How about words like "ec2 instances", "erlang processes", "haproxy", "nginx" and similar stuff that was likely involved in the incident?

If they're too embarrassed to tell what happened then they should just keep quiet. Don't insult your customers with handwavy bullshit bingo, that just leaves a sour taste in everyones mouth.

Just imagine the hilarity when the PHB asks his inhouse engineer to translate this "post-mortem" into layman's terms for him. Most bosses have a bit of humor, but not when it comes to hosting infrastructure.

link

ajasmin 5125 days ago

Amazon also has its own fancy vocabulary but instead of cool sounding words like manifold they prefer short acronyms.

Things like EC2 RDS AWS S3 EBS EMR IAM AMI SQS SNS SES HPC VPC

But Amazon is the reference in cloud hosting and these terms are well understood in the field.

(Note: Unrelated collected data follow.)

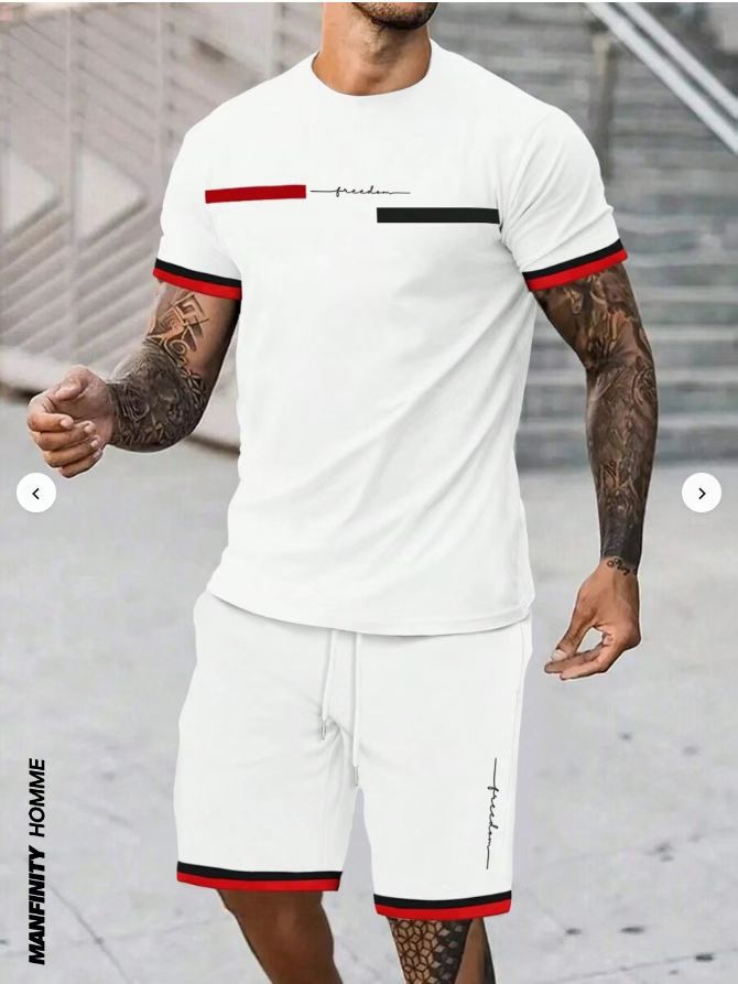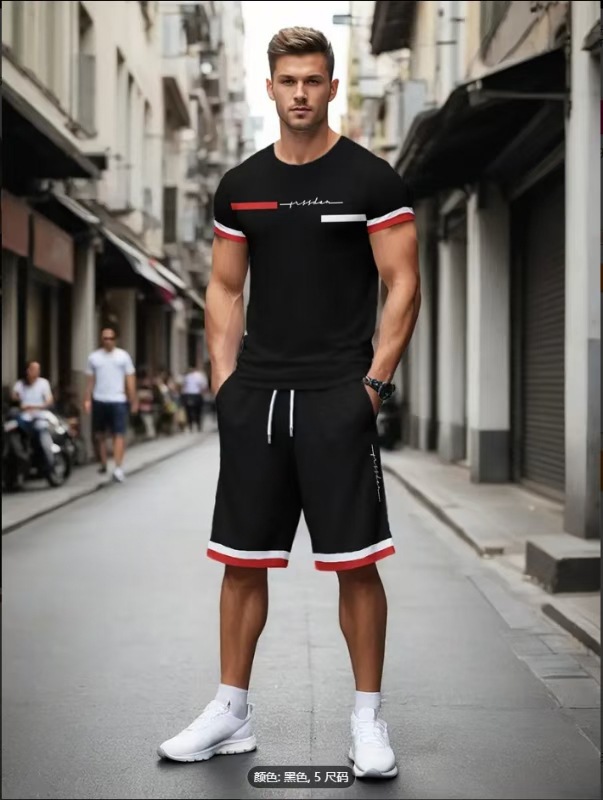 2025 크로스보더 새로운 3DT 셔츠 정장 남자 스포츠 투피스 프린트 티셔츠 라운드 넥 반팔 반바지 정장
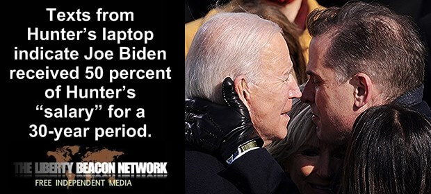 But texts from Hunter’s laptop indicate Joe Biden received 50 percent of Hunter’s “salary” for a 30-year period. The reported texts do not reveal when the 30 years began or ended and whether Joe Biden is still a part of the payment scheme as president.
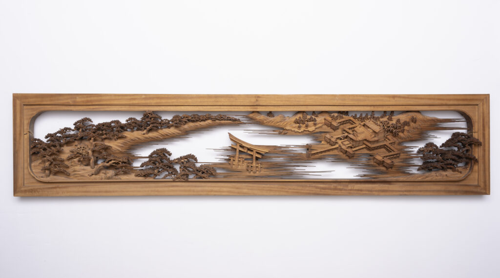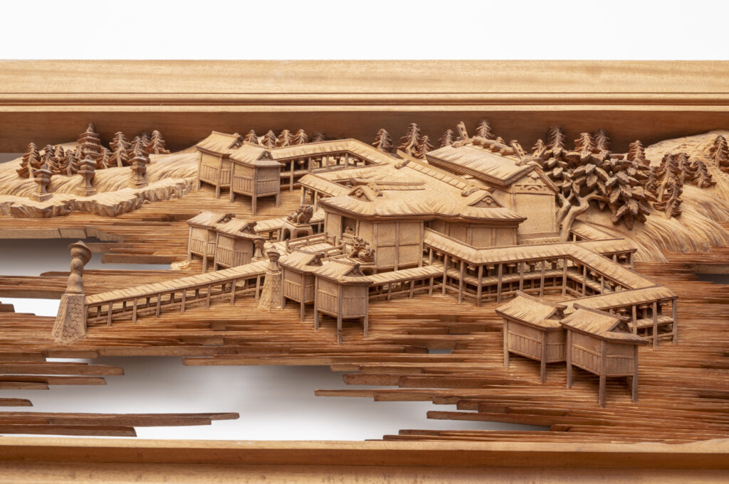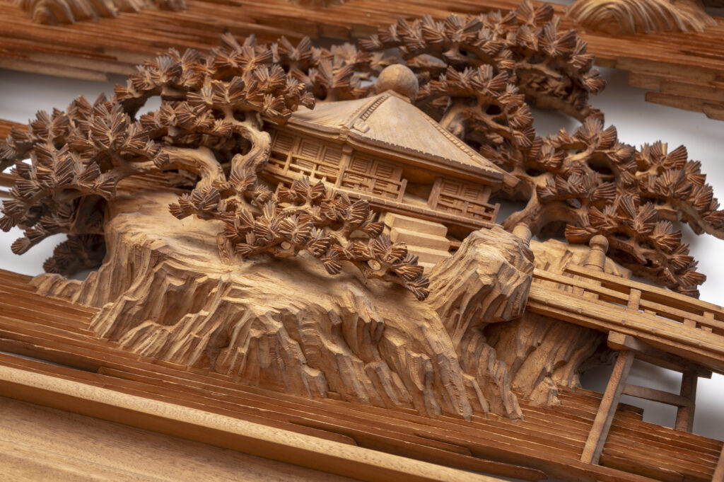 江戸時代後期、井波彫刻の職人たちは主に神社やお寺の彫刻を手がけ、お互いに技術を競い合うようになりました。明治時代後期ごろになると、社寺だけでなく一般の家(民家)でも欄間に美しい彫刻をほどこすようになり、これが「井波欄間」として確立され、戦後の高度成長期とともに人気を集めます。
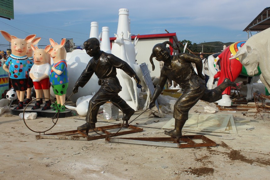玻璃鋼兒童推圈景觀觀賞雕塑
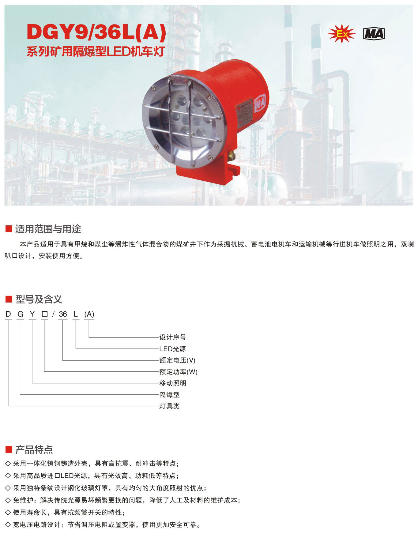 产品中心 矿用隔爆LED巷道灯 矿用隔爆LED机车灯-DGY9/36L(A)新黎明
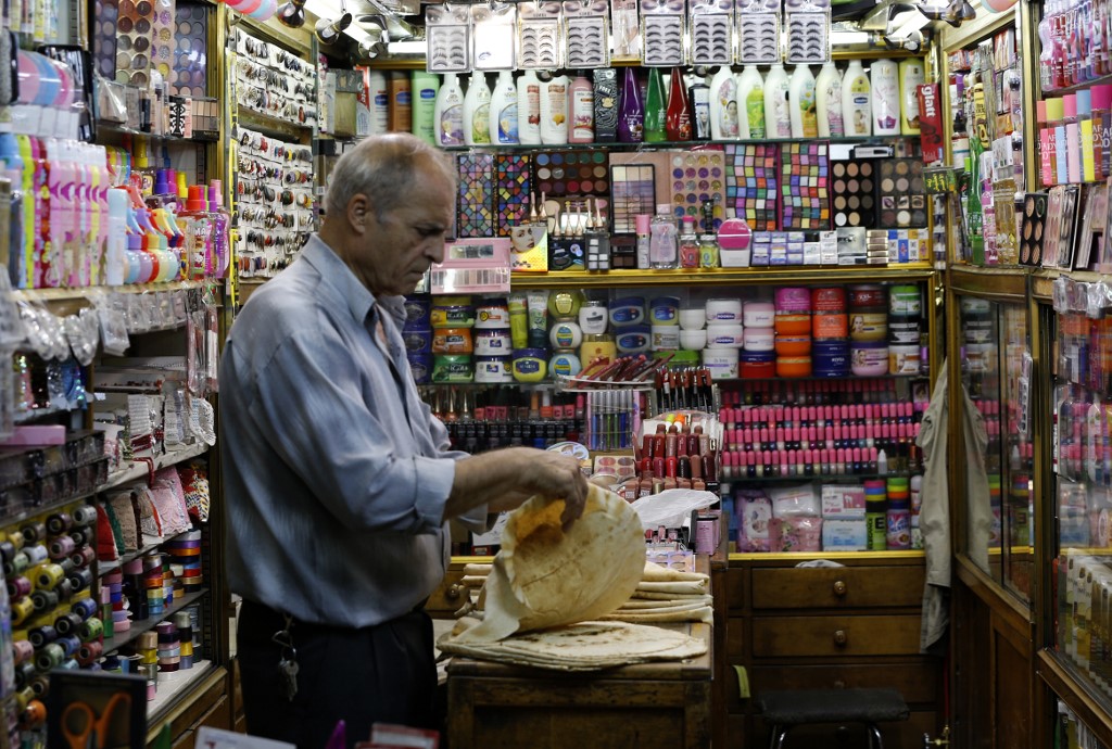 A merchant prepares lunch inside his shop at the Bzourieh market in the centre of the Syrian capital Damascus . The declining value of the pound is a sure sign of Syria's ailing economy. LOUAI BESHARA / AFP
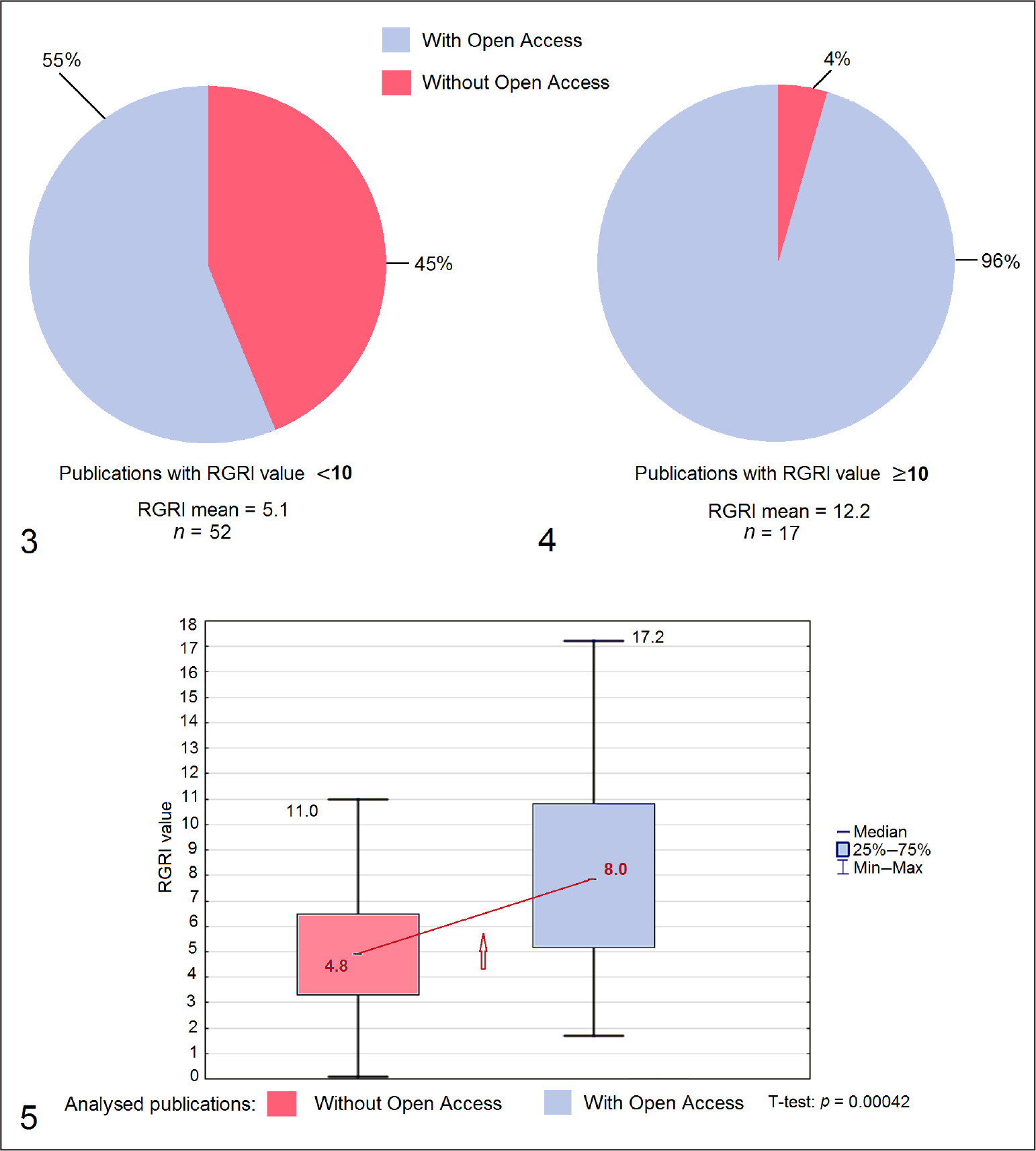 Figs. 3–5. RGRI value and the share of analyzed publications published in journals with open access or without it. 3 – publications with RGRI value less than 10 scores; 4 – publications with RGRI value 10 scores or more; 5 – difference in RGRI median between publications published in journals with open access (OA) and without OA

Heroku also had to coin some words to describe their architecture. But frankly this outage report is worthy of an Hollywood hacker movie:

"A manual garbage collection process which created an unusual record in the data stream" Wow!

link

FireBeyond 5124 days ago

Heroku had to coin some words of their own to "mask" the fact that their services are but engineering on top of the AWS stack (which isn't to belittle the effort involved).

link

dllthomas 5125 days ago

"connects the tachyon emitter to the warp nacelles"?

link